I’m still your mother.”
“In name only.”
She moved so fast I didn’t have time to block her. Her hand came up and she slapped me. I heard the crack a second before
I felt the sting. She held her body stiff and straight. “You’re angry now but you’ll get over it. You always have these tantrums
then calm down.”
She depended on my acquiescence. Thrived on her ability to betray me and laughed at the way I ran back to her, begging for
another round of insults and threats. Not one day more.

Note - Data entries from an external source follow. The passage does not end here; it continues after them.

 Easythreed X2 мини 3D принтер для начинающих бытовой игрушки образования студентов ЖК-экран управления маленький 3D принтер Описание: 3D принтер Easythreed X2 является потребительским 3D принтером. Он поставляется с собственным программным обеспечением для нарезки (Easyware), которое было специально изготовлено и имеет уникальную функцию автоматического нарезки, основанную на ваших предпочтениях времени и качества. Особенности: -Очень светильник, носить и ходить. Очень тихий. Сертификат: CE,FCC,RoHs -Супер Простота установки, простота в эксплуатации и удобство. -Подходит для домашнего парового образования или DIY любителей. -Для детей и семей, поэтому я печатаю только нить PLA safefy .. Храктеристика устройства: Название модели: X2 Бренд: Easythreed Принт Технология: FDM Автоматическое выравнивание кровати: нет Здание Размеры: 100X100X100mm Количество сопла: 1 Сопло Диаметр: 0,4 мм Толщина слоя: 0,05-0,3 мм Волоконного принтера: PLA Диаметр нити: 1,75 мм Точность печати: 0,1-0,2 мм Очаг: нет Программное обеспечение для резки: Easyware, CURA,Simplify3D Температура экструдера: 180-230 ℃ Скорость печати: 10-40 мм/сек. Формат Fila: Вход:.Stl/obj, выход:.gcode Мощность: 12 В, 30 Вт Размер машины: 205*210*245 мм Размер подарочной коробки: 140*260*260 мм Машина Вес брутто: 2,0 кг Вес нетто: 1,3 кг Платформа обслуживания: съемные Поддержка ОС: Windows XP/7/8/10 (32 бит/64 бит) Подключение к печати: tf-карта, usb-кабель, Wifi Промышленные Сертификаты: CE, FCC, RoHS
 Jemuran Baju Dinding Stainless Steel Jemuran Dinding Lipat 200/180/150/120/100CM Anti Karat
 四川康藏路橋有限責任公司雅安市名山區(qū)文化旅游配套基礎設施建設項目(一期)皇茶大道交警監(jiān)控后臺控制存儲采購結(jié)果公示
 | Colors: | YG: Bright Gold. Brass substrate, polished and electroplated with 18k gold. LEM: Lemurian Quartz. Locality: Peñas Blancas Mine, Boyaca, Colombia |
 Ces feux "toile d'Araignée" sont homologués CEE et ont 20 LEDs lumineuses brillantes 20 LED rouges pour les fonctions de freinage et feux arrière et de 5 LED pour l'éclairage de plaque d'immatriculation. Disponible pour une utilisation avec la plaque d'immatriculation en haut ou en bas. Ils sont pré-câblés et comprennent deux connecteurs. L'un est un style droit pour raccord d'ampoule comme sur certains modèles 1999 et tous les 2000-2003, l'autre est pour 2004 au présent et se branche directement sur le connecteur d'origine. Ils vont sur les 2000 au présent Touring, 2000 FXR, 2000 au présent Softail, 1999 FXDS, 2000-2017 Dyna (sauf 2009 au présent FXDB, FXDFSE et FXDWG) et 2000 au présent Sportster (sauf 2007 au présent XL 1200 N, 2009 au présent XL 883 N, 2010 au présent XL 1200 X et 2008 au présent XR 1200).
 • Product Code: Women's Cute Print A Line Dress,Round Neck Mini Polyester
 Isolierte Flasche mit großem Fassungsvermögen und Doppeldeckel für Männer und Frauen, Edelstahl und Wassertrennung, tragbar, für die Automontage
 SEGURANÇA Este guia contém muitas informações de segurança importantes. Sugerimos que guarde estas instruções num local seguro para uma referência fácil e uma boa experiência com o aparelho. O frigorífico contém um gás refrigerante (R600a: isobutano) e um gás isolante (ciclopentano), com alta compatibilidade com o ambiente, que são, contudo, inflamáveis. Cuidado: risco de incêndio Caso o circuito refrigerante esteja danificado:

The rip that started with her lie about Cooper split open when she told me the truth about Richmond. The shredded relationship, already flimsy, now lay in tatters. Unfixable. Today a burning hole in my gut but, hopefully, one day a distant ache. Nothing more than a slight twinge of sadness.
“Actually, this time I won’t.” I handed her the car keys. “The SUV is yours. Richmond bought it. It’s new. Let me know where
you’re staying. I’ll send the rest of your things and the car title there.”
No one warned me about the price of freedom. About how much emptiness and despair I’d have to wade through to find it...
if I ever did.
I punched in numbers on the keypad and the gate opened. “I’ll change the security codes and locks today.”
“You’re going to let those Dougherty kids come in and out, give them money and whatever else they need, but kick me to the
street?”
“Yeah. They’re family.” Broken and messy but I might need them as much as they needed me. They couldn’t know about our blood
ties, but I could play the role of concerned stepmom. Put my body in front of theirs when it came to all the news that was
about to break about their parents.
Found family. I’d stumbled over the term in those self-help books. Sometimes it was better to create a family than stay with the one that
raised you. The concept suddenly made sense.
I stepped through the gate and closed it behind me. Mom kept up her complaints as I walked away. Her yelling echoed off the
trees and through the yard. This time I didn’t cave. I didn’t give in to the fantasy of a loving mother or the gnawing pain
at the loss of an ideal that didn’t exist.
Nothing I tried was ever good enough. But I knew she’d cash the check.